Я не мог не вмешаться в этот разговор.

– Принцесса! – воскликнул я. – Никогда в жизни я еще не овладевал чьей-либо ногой противозаконно! Хотя ваша ступня стоила мне пять луидоров, но я возвращаю вам ее даром! Меня приводит в отчаяние одна лишь мысль о том, что такая миловидная особа, как принцесса Гермонтис, хромает из-за меня!

Этот мой рыцарский монолог приятно изумил прекрасную египтянку. Она бросила на меня взгляд, полный признательности, и ее глаза засияли небесно-голубым светом.

Она взяла свою ступню, которая на сей раз далась ей в руки, и с легкостью приладила ее к своей ноге, словно надела ботинок.

Завершив эту операцию, она сделала два или три шага по комнате, словно желая убедиться, что она действительно уже не хромает.

– Ах, как обрадуется мой папенька! он был так огорчен моим увечьем! Ведь как только я родилась, он заставил весь египетский народ выдалбливать в скалах глубочайшую гробницу, чтоб сохранить мое тело нетленным и первозданно красивым вплоть до того великого дня, когда все мертвые восстанут из гробов, чтобы идти на суд Осириса… А не хотите пойти со мной, в гости к моему папеньке? Ручаюсь, что он радушно вас примет, ибо вы вернули ногу его дочери!

Я счел такое предложение вполне естественным. Надев мой халат, расписанный цветами и листьями, и обув турецкие туфли, я сказал принцессе, что готов последовать за ней, ибо теперь у меня вид вполне подходящий, чтоб явиться на прием к фараону.

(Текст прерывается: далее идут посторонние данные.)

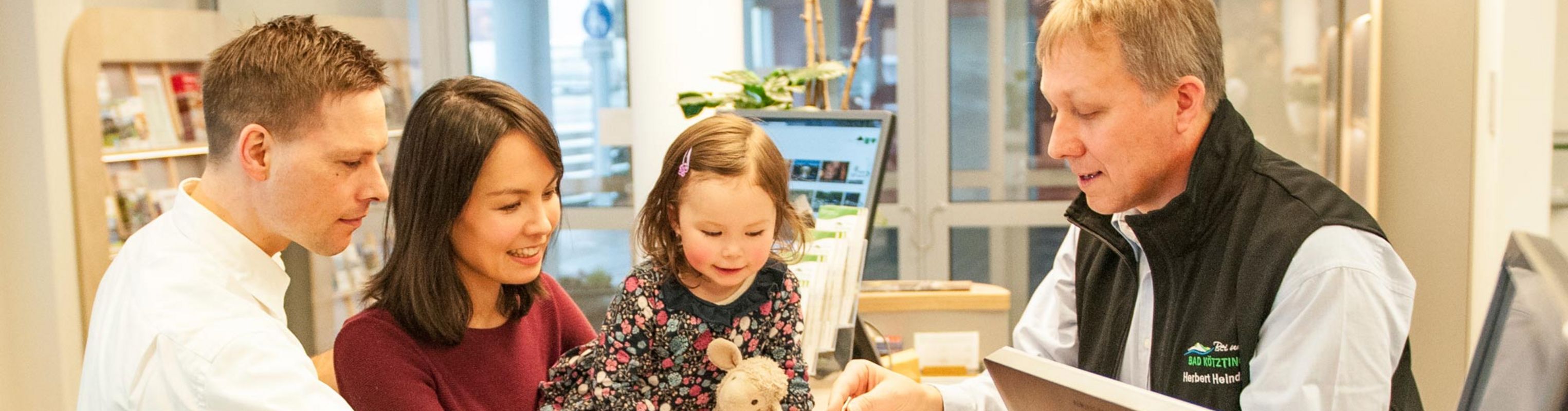 In den modernen Räumen des Kur- und Gästeservice im SINOCUR® Präventionszentrum erhalten alle Gäste stets freundlichen Rat und individuelle Empfehlungen rund um Fragen zum Aufenthalt in Bad Kötzting oder zur Teilnahme an den Gesundheitsangeboten der PräventionsRegion Bad Kötzting. Neben der persönlichen Beratung können sie umfassende Informationen über digitale Geräte (Touch-Points) aufrufen oder sich über ausgelegte Broschüren und Flyer über das Angebot informieren.

Перед тем как отправиться в путь, Гермонтис сняла со своей шеи изумрудный талисман и положила его на ту кипу моих бумаг, где прежде стояла ее нога.

– С моей стороны было бы приличным оставить это вам в качестве пресс-папье, – сказала она, улыбаясь.

Она протянула мне руку, которая была нежна и холодна, словно змеиная кожа, и мы ринулись в пространство.

Какое-то время мы летели со скоростью стремительных стрел над загадочным зеленоватым потоком, а мимо нас проносились неясные тени неведомых существ.

Несколько мгновений мы не видели ничего, кроме воды и небесного свода.

Затем на горизонте начали вырисовываться пирамиды, обелиски и сфинксы.

Гермонтис повела меня к подножью горного хребта из розового гранита, где между расселинами скал открывался узкий вход в пещеру, почти незаметный со стороны, на который указывали два мраморных столба, украшенные разноцветными скульптурами.

Принцесса зажгла факел и первая вошла в пещеру.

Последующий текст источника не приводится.